• **Instructions for the task**
Your answer must be an exact copy of the lines below, from the first through the one with "New York Yankees'", with no pictures.

• **Available data**
+-------+
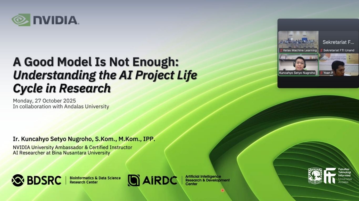 Kegiatan ini menghadirkan Ir. Kuncahyo Setyo Nugroho, S.Kom., M.Kom., IPP., seorang NVIDIA University Ambassador & Certified Instructor, sekaligus AI Researcher di Bina Nusantara University.
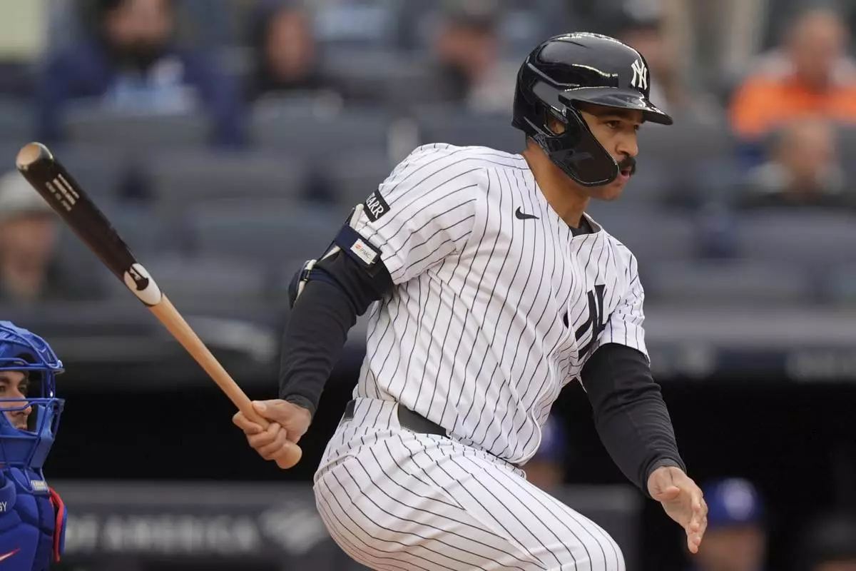 New York Yankees' Trent Grisham hits a single during the fifth inning of a baseball game against the Texas Rangers, Thursday, May 22, 2025, in New York. (AP Photo/Frank Franklin II)
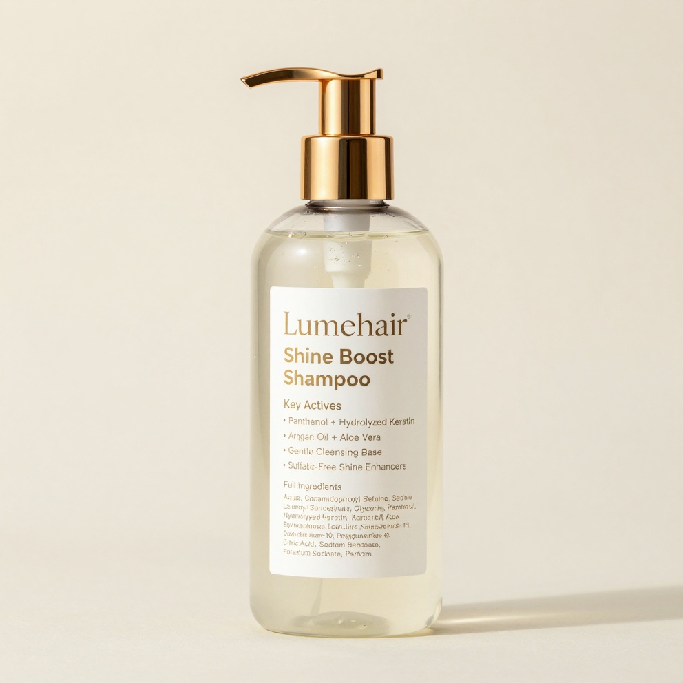 Lumehair Shine Boost Shampoo is your everyday glow starter — a gentle, sulfate-free formula that cleanses without stripping, enhances natural shine, and preps hair for luminous results. Infused with light-reflecting actives for instantly brighter, healthier-looking strands. Perfect for all hair types seeking that salon-fresh radiance on a budget.
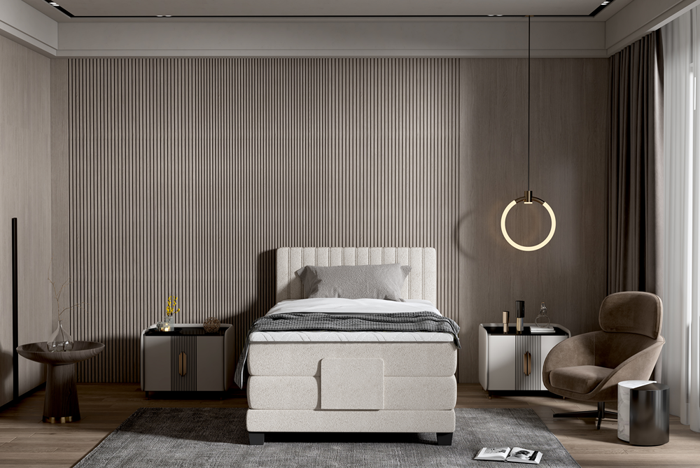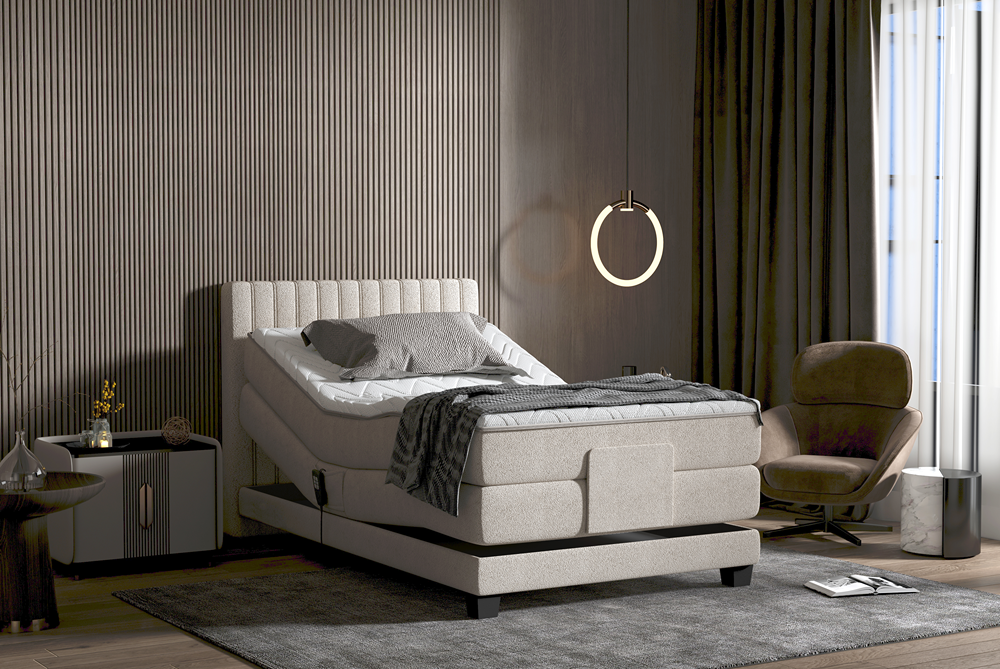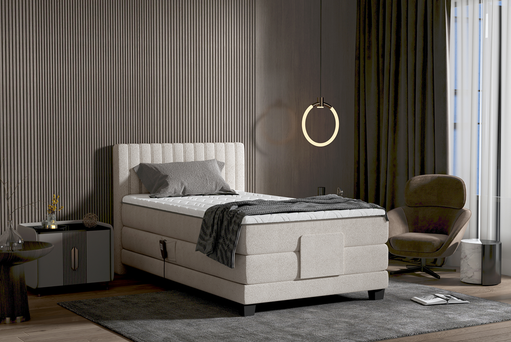 Model wyróżnia się elektryczną regulacją pozycji spania, która umożliwia precyzyjne dostosowanie kąta nachylenia do indywidualnych potrzeb – idealne do relaksu, czytania czy łatwiejszego wstawania.
+-------+
• **Written solution**
 Kegiatan ini menghadirkan Ir. Kuncahyo Setyo Nugroho, S.Kom., M.Kom., IPP., seorang NVIDIA University Ambassador & Certified Instructor, sekaligus AI Researcher di Bina Nusantara University.
 New York Yankees' Trent Grisham hits a single during the fifth inning of a baseball game against the Texas Rangers, Thursday, May 22, 2025, in New York. (AP Photo/Frank Franklin II)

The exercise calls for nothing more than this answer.